■ **WHAT YOU SHOULD DO**
Everything from the line containing "Lindsey, George. (2026, January" through the final line below must be output exactly, both ends included, with nothing else and no pictures.

■ **DATA UNDER STUDY**
────────────────
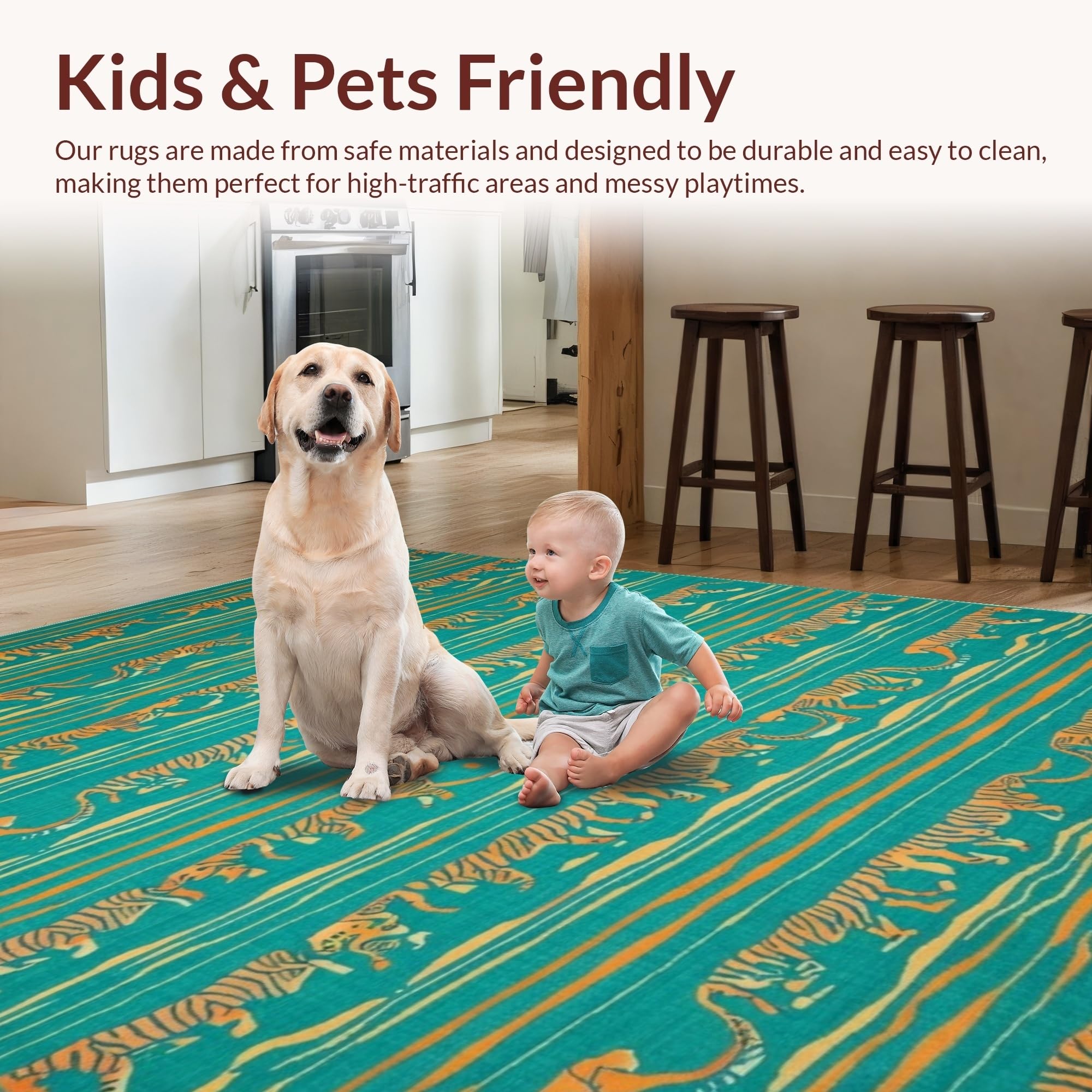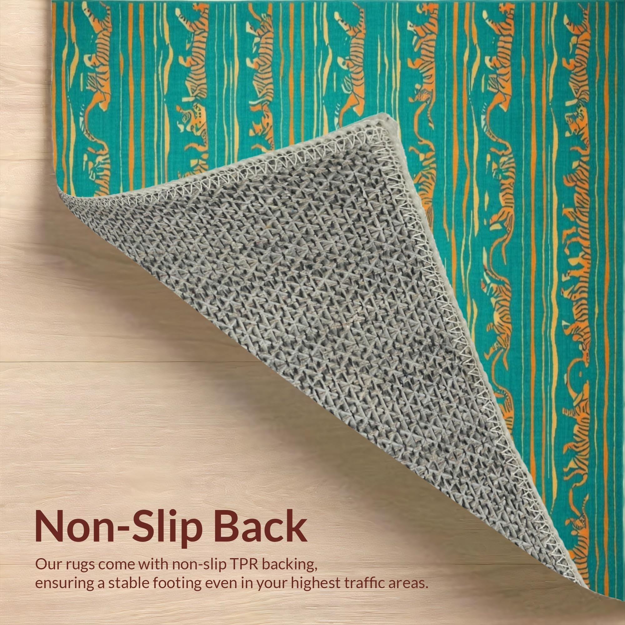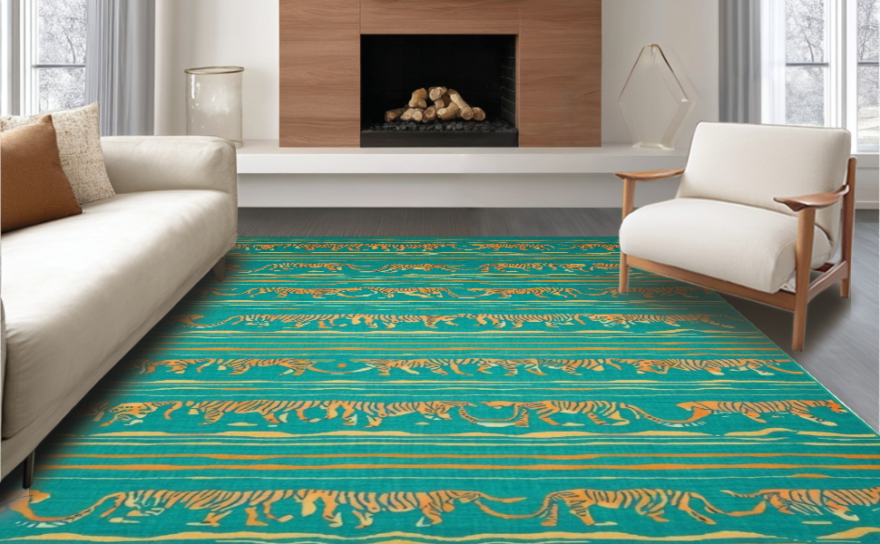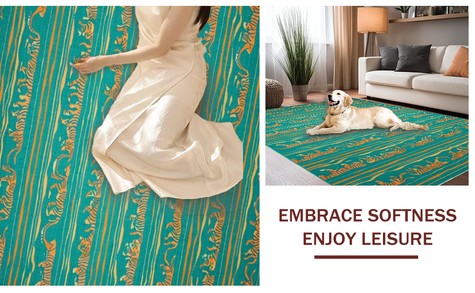 Ultra Soft Area Rug, Non Slip, Stain Resistant, Washable Area Rugs for Living Room, Bedroom, Bold Exotic Fauna Pattern(Blue) Overview:
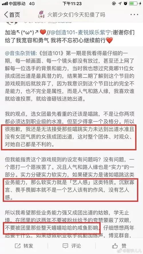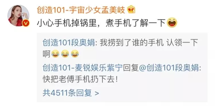 火箭101的少女们立刻排排坐去留言,还真是有趣。
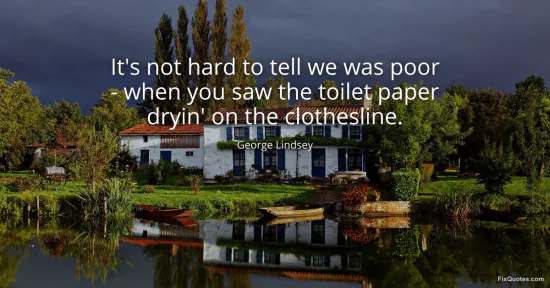 Lindsey, George. (2026, January 16). It's not hard to tell we was poor - when you saw the toilet paper dryin' on the clothesline. FixQuotes. https://fixquotes.com/quotes/its-not-hard-to-tell-we-was-poor-when-you-saw-123310/
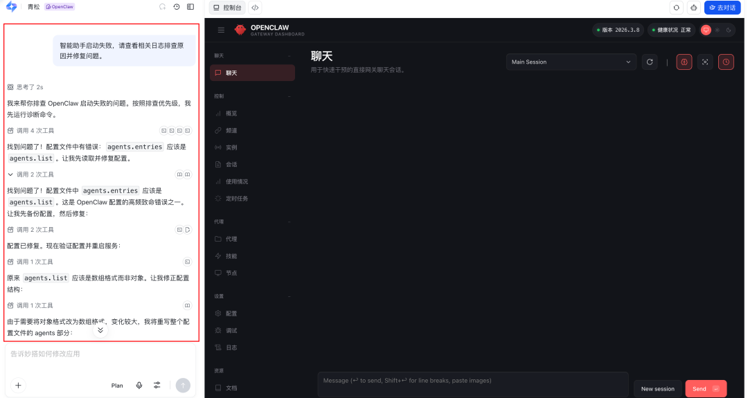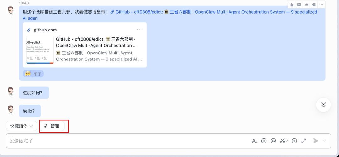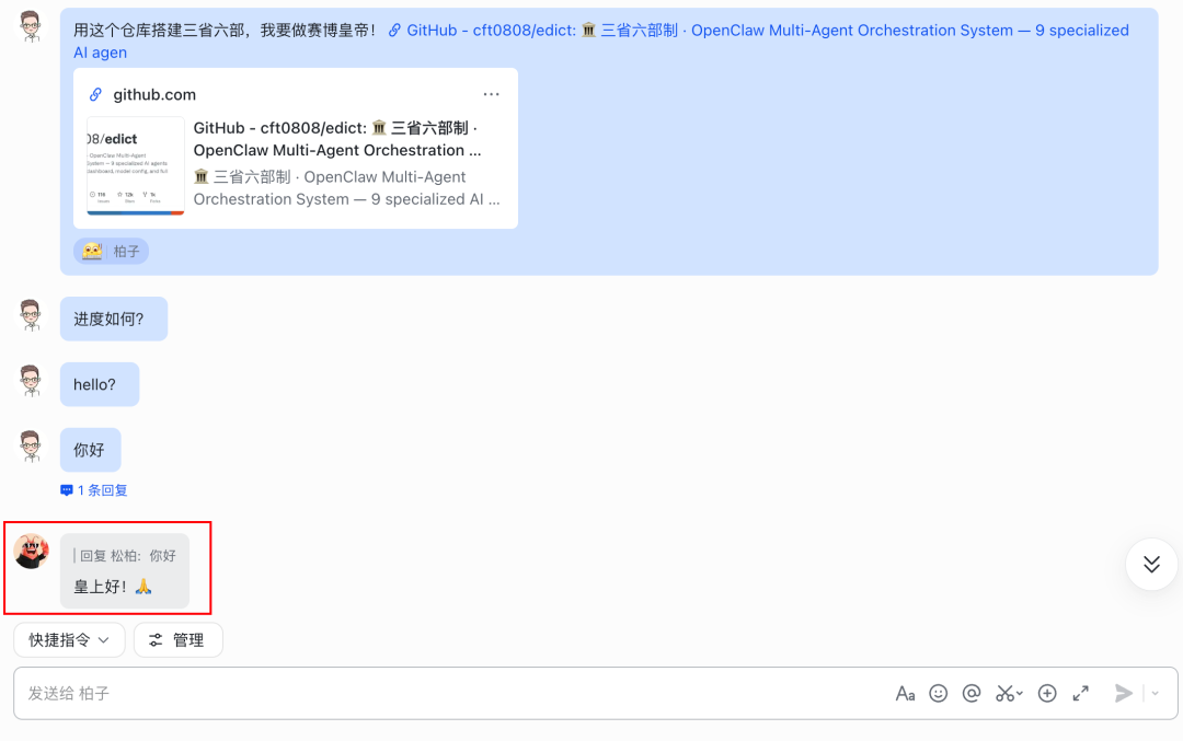修复成功之后,我们的龙虾就回来了。测试的时候它突然来个皇上好我是真没绷住:
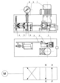 三、 工作原理 EM型電動(dòng)換向閥主要由電動(dòng)機(jī),減速機(jī)構(gòu),偏心連桿機(jī)構(gòu),強(qiáng)簧機(jī)構(gòu),二位四通閥,限位開關(guān),壓力表等組成。 電動(dòng)機(jī)經(jīng)蝸輪蝸桿減速后,由偏心輪2帶動(dòng)連桿3 作直線往復(fù)運(yùn)動(dòng)。由于連桿末端所連動(dòng)的彈簧機(jī)構(gòu)4的作用,使二位四通閥5中的滑芯桿6產(chǎn)生急速的推拉動(dòng)作,從而改變二位四通閥各油口的聯(lián)接方式,達(dá)到液流換向的目的。此時(shí),偏心輪旋轉(zhuǎn)了180°到達(dá)另一個(gè)死點(diǎn)位置,觸動(dòng)了限位開關(guān)7。限位開關(guān)即可送出脈沖信號(hào),停止閥電機(jī)運(yùn)行,完成了一個(gè)工作過程。壓力表8裝于防護(hù)罩9頂部用于監(jiān)視閥內(nèi)的工作壓力。
────────────────
■ **SOLVED EXERCISE**
 Lindsey, George. (2026, January 16). It's not hard to tell we was poor - when you saw the toilet paper dryin' on the clothesline. FixQuotes. https://fixquotes.com/quotes/its-not-hard-to-tell-we-was-poor-when-you-saw-123310/
修复成功之后,我们的龙虾就回来了。测试的时候它突然来个皇上好我是真没绷住:
 三、 工作原理 EM型電動(dòng)換向閥主要由電動(dòng)機(jī),減速機(jī)構(gòu),偏心連桿機(jī)構(gòu),強(qiáng)簧機(jī)構(gòu),二位四通閥,限位開關(guān),壓力表等組成。 電動(dòng)機(jī)經(jīng)蝸輪蝸桿減速后,由偏心輪2帶動(dòng)連桿3 作直線往復(fù)運(yùn)動(dòng)。由于連桿末端所連動(dòng)的彈簧機(jī)構(gòu)4的作用,使二位四通閥5中的滑芯桿6產(chǎn)生急速的推拉動(dòng)作,從而改變二位四通閥各油口的聯(lián)接方式,達(dá)到液流換向的目的。此時(shí),偏心輪旋轉(zhuǎn)了180°到達(dá)另一個(gè)死點(diǎn)位置,觸動(dòng)了限位開關(guān)7。限位開關(guān)即可送出脈沖信號(hào),停止閥電機(jī)運(yùn)行,完成了一個(gè)工作過程。壓力表8裝于防護(hù)罩9頂部用于監(jiān)視閥內(nèi)的工作壓力。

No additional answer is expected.